Думаю вести опередили нас. Даже если вы очень осторожны. Слишком большие расстояния, слишком долгое время, слишком медленные ноги. Телеграф и телефон, перерезай, не перерезай провода, они все равно вас найдут. А эта речка впадает туда, куда нужно. Тысячи речек всегда текут в море. Кровь и слезы текут туда же. И станут соленой водой. Я никогда не услышу песенки Луррл. Мне предстоит умереть старым проверенным способом.
Она скулит и мотает подбородком. Я улыбаюсь. Снимаю с шеи медальон с символами клана. И вкладываю в ладошку. Она смотрит на оборотную картинку. Понимает. Огромные зеленые глаза. Как у Эррли. «Мы всегда будем вместе, дрракон». Всегда, прринцесса. Скоро.

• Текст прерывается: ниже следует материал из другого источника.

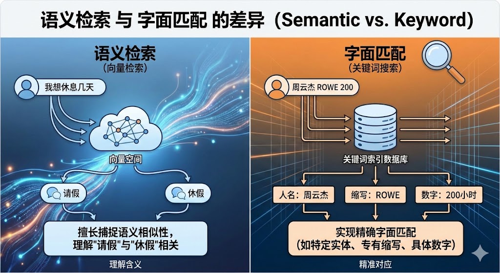 纯粹的向量检索擅长捕捉语义上的相似性,例如能理解“请假”和“休假”是相关的。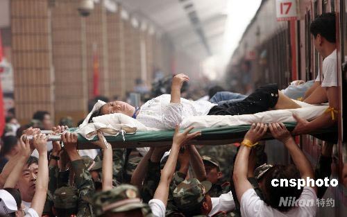 5月24日,運載四川綿陽到武漢漢口的264名地震災(zāi)區(qū)傷員轉(zhuǎn)運專列到達漢口站。他們將在協(xié)和、同濟、陸軍總醫(yī)院、人民醫(yī)院等醫(yī)院接受治療。中新社發(fā) 攝記 攝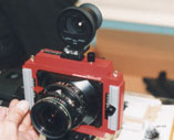 一方、銀塩カメラでは一眼レフではキヤノンEOS-1V、ニコンF80 、F90 シリーズに多くの人だかりができていました。また 645サイズを中心とした中判カメラの人気が高く、ペンタックス、京セラ、富士フイルム、マミヤ・オーピーのブースではカメラにたどり着くのにかなりの時間を要しました。コンパクトカメラではコニカHEXAR RFに熱い目が注がれていたのが印象的でした。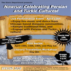 This Spring, the Northwestern University Department of Slavic Languages and Literatures is hosting its third annual Nowruz event series, Celebrating Persian and Turkic Culture. The series includes a live multicultural performance event with Chicago-based diaspora communities: On April 13th, 12-3pm (Harris Hall 108), come learn about Persian and Turkic cultures, enjoy traditional music and dance, and sample delicious ethnic cuisine.

— Отец? — все еще надеетесь на хэппи енд, правда? Не знаю, малыши, кто рассказывает вам эту сказку, но нет. Да. Я киваю и улыбаюсь. Снова.
— Мама была бы счастлива. Наша девочка выросла красавицей, — она не плачет. Хотя я вижу, что ей очень хочется. Не может. Другое строение глаз. Другой мир. И какая-то часть меня. Я надеюсь.
У нас было полчаса на поговорить. Точнее мы попытались. Прикосновения, запах ее пурпурных волос, отмыты-расчесаны, курлыканья родного языка. Который я научился понимать до ее рождения. В плену у них. Впрочем, это абсолютно не эта история. А пришло время маленькой смерти станцевать. Джигу.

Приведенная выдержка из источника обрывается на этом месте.